M. de Chauxville watched the door close behind Miss Delafield with a queer smile. Then he turned suddenly on his heels and faced Mrs. Sydney Bamborough.
"Your cousin," he said, "is a typical Englishwoman--she only conceals her love."
"For you?" enquired Mrs. Sydney Bamborough.
The baron shrugged his shoulders.
"Possibly. One can never tell. She conceals it very well if it exists.
However, I am indifferent. The virtue of the violet is its own reward, perhaps, for the rose always wins."
He crossed the room toward Mrs. Sydney Bamborough, who was standing near the mantelpiece. Her left hand was hanging idly by her side. He took the white fingers and gallantly raised them to his lips, but before they had reached that fount of truth and wisdom she jerked her hand away.
M. de Chauxville laughed--the quiet, assured laugh of a man who has read in books that he who is bold enough can win any woman, and believes it.
He was of those men who treat and speak of women as a class--creatures to be dealt with successfully according to generality and maxim. It is a singular thing, by the way, that men as a whole continue to disbelieve in a woman's negative--singular, that is, when one reflects that the majority of men have had at least one negative which has remained a negative, so far as they were concerned, all the woman's life.
"I am aware," said M. de Chauxville, "that the rose has thorns. One reason why the violet is hors de concours."
Etta smiled--almost relenting.
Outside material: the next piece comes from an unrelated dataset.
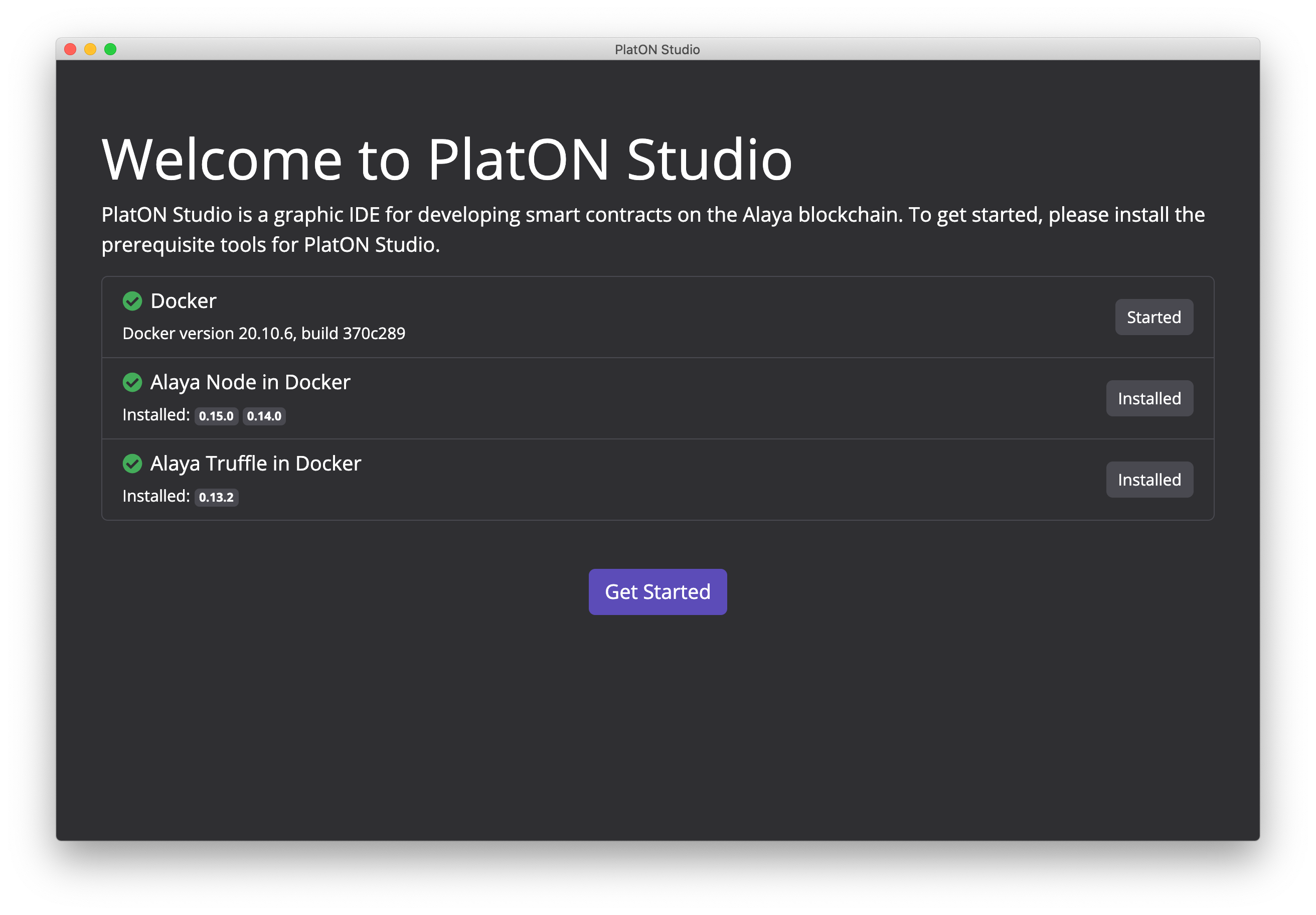 在正确安装 PlatON Studio 并初次启动时,你将看到一个欢迎页面,这里有 PlatON Studio 正常运行所需要的依赖,包括了 Docker,Alaya Node 以及 Alaya Truffle。

She was never quite safe against her own vanity. Happy the woman who is, and rare.
"I suspect that the violet is innocent of any desire to enter into competition," said Etta.
"Knowing," suggested De Chauxville, "that although the race is not always to the swift, it is usually so. Please do not stand. It suggests that you are waiting for me to go or for some one else to come."
"Neither."
"Then prove it by taking this chair. Thus. Near the fire, for it is quite an English spring. A footstool. Is it permitted to admire your slippers--what there is of them? Now you look comfortable."
He attended to her wants, divined them, and perhaps created them with a perfect grace and much too intimate a knowledge. As a carpet knight he was faultless. And Etta thought of Paul, who could do none of these things--or would do none of them--Paul, who never made her feel like a doll.
"Will you not sit down?" she said, indicating a chair, which he did not take. He selected one nearer to her.
"I can think of nothing more desirable."
"Than what?" she asked. Her vanity was like a hungry fish. It rose to everything.
"A chair in this room."
"A modest desire," she said. "Is that really all you want in this world?"
"No," he answered, looking at her.
She gave a little laugh and moved rather hurriedly.
"I was going to suggest that you could have both at certain fixed periods--whenever--I am out."
"I am glad you did not suggest it."
"Why?" she asked sharply.
"Because I should have had to go into explanations. I did not say all."
Mrs. Bamborough was looking into the fire, only half listening to him.
There was something in the nature of a duel between these two. Each thought more of the next stroke than of the present party.
"Do you ever say all, M. de Chauxville?" she asked.